The NPC and the All Blacks test matches are, however, another matter.

They (generally) pit our boys against theirs. I have stood up and joined the roar at Jade Stadium/Lancaster Park when Canterbury score because I identify with the region. I am a Mainlander and a New Zealander. I grew up breathing the same air as the players. They are my kin.

Still, New Zealanders' passion for the Super 14 franchise may have a silver lining. Even though most believe they are cheering the players, they are in fact largely cheering a board, a chief executive and a management team.

It is therefore, perhaps, not an empty hope that these sentiments can be harnessed for other New Zealand businesses.

Fletcher Building's signal this week that it is looking to shift its headquarters to Australia illustrates just how great the need is.

At the risk of repeating a well-traversed argument, $4.1 billion Fletcher Building is the country's third-largest listed company. The building products giant underwrites a substantial portion of the infrastructure necessary for a healthy and robust capital market.

Its move would be likely to drive the bulk of trading in its shares offshore, adding to the damage wrought on the capital market by losses and takeovers such as Ports of Auckland, NGC, Powerco and Carter Holt Harvey.

The planned takeovers (and let's not beat around the bush, these are takeovers) of Contact Energy and Waste Management by Australia's Origin Energy and Transpacific Industries respectively continue a disturbing trend.

The simple facts of the matter are these: New Zealand companies are vulnerable because their Aussie rivals enjoy much lower financing costs. This is because financial markets across the ditch are awash with capital, thanks to the country's compulsory superannuation scheme.

The offer of a wodge of cash is hard to resist. Indeed, Fletcher Building chief executive Ralph Waters' soft-pedalling of his potential move this week should not invite complacency.

Unless we reverse our savings record, the pressure on Fletcher Building and others will only mount. If local markets do not have the capital to fund growth or give companies like Fletcher Building the sharemarket rating they deserve, then they will have to look further afield.

There is little in the short term at least that will correct the deficit. So, the time has come to run up the flag, to pipe God Defend New Zealand through our workplaces, to invoke Gallipoli, the lovely Sarah Ulmer, Ernest Rutherford, Kiri Te Kanawa and Ed Hillary.

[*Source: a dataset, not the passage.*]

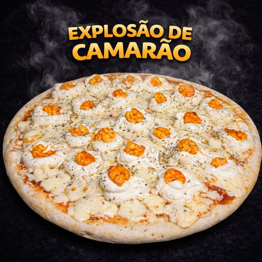 Massa Tradicional, Molho Italiano, camarão (sem casca), Cream Cheese, cebolas, Azeitona e Oregazo.
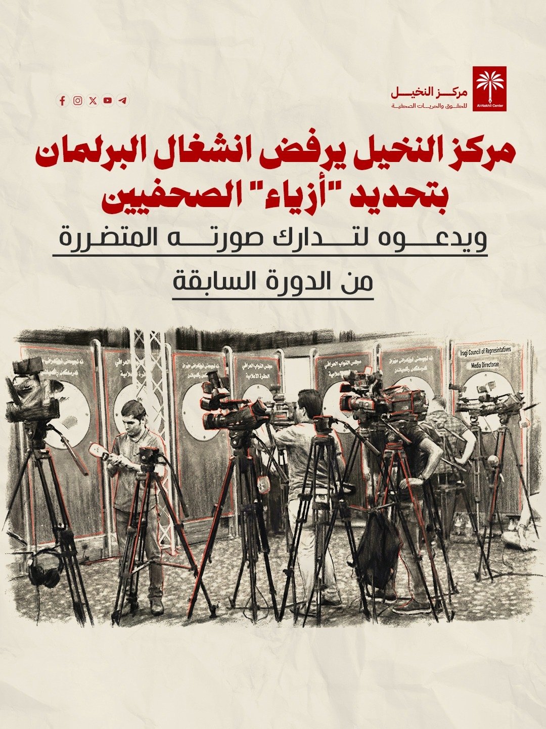 يرفض مركز النخيل للحقوق والحريات الصحفية، قيام رئاسة مجلس النواب بإصدار قرارات تقود للتضييق على تواجد الصحفيين في مجلس النواب، لتسلك بذلك سلوك الرئاسات السابقة التي امعنت في التركيز على ما يؤدي لخنق الوجود الصحفي في مجلس النواب مثل نقل الدائرة الإعلامية الى خارج البرلمان او فرض ضوابط على ما يرتديه الصحفيون.

As NZX boss Mark Weldon notes today, ownership matters. We should strive - as much as we can afford - to hold on to our New Zealand-owned and listed companies until a stonking great offer beyond all doubt is put on the table.

Transpacific may be offering a good price for Waste Management. To tell the truth, I do not really know, but I know it is at the least debatable.

Waste Management is a New Zealand success story. During the past five years, its shares have more than doubled. As Transpacific boss Terry Peabody noted this week, it may have a bright future as part of a large Australasian waste disposal company. But I am yet to be convinced it does not have a robust future as an independent entity.

Contact Energy is a much less difficult choice. Even though its shares are trading at around the $8.05 to $8.20 implied by Origin's takeover proposal, professional investor distaste for the plan should be enough to derail it.

Although both have plans to retain an NZX listing, the bulk of their share trading will be done overseas. Key strategic decisions will be made from an Australian perspective.

The NZX and the country need these companies to remain predominantly New Zealand-owned and listed. If they go, we are further along the road to the state deftly described by Brook Asset Management principal Paul Glass - an economy where innovative companies struggle to raise capital and our children have to go abroad to get the challenging jobs and opportunities we now enjoy.

Even if the profits are not as good, they will still be our profits.

And they, with the rest of the companies listed here, may be enough to carry us while we make the structural changes needed to put our savings and investment regime back on track - the introduction of a more sensible tax regime, the ditching of barmy redistribution schemes such as Working for Families and, yes, the introduction of a compulsory savings scheme.